Worldwide, it can be felt that monastic communities, which cultivate the preconciliar Latin liturgy, can boast of significant numbers of vocations. Especially in France, on the background of a traditional interpretation of the rule of St Benedict and the Gregorian liturgy in Mass and Divine Office, there are flourishing abbeys. In Germany it has previously not been possible for vocations to the monastic life of a traditional form to join a corresponding community. With the papal privilege in Germany, too, there is now for the first time the possibility for young men to live the ancient tradition of contemplative life in the august forms of the classical liturgy and in the strict observance of the rule of St Benedict.

Dom Josef sees himself confirmed in his decision by the Holy Father, whose generously formulated privilege of all desired forms of return to tradition also bespeaks his personal desire that in the rediscovery of the ancient liturgy and manner of life, a renewal of monastic life as a whole may be stimulated. Thus, the abbot is convinced, the personal and direct action of the Pope for the Mariawald Abbey corresponds to the "Project of Tradition", which the Holy Father has initiated in 2007 by his Motu proprio "Summorum Pontificum" for the liturgy.

Dom Josef finds himself and his abbey sustainably motivated by the Holy Father and his immediate and direct papal juridical act, to implement the tradition-oriented reform of the monastery with new spiritual vigour for the sake of its future. The Abbey assumes in this a pioneering role worldwide to renew the monastic life out of the spirit of tradition and to counteract the decline of monastic life, which especially some Trappist abbeys have had to experience in recent years.

In the field of economics, the monastery has in recent years already put an emphasis on its focus on organic agriculture. Now it is the spiritual content of contemplative life ehich is to receive new stimuli from the great tradition of the Order and its classical Latin liturgy.
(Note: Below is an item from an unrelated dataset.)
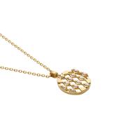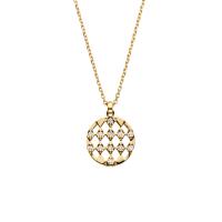 メダル状のトップの中に小さなひし形が並ぶ、グラフィカルな仕立てが魅力的なネックレス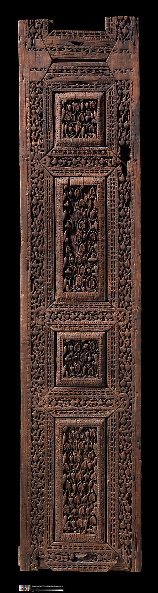 A nearly identical panel now in the Benaki Museum in Athens, also made of teak wood, suggests that they may have formed a two-paneled door. Imported to Iraq probably from South Asia, teak was highly prized in Abbasid monumental architecture of the eighth and ninth century. The value of such objects endured through time, and they were often reused for a variety of purposes in later centuries.

Currently in Mariawald there are living ten monks, a novice and an oblate. The history of the abbey began with the founding of a Cistercian priory in the 15th Century. After an interruption of monastic life of more than sixty years through the turmoil of the French Revolution, the monastery, newly populated in the 19th Century by Trappists from Alsace, was raised to abbey on the Feast of St Michael in 1909.

On the background of this historic date, now the implementation of the full return of the abbey to the old tradition of contemplative life and to classical Gregorian liturgy is to be completed on the Centenary on 29 September 2009.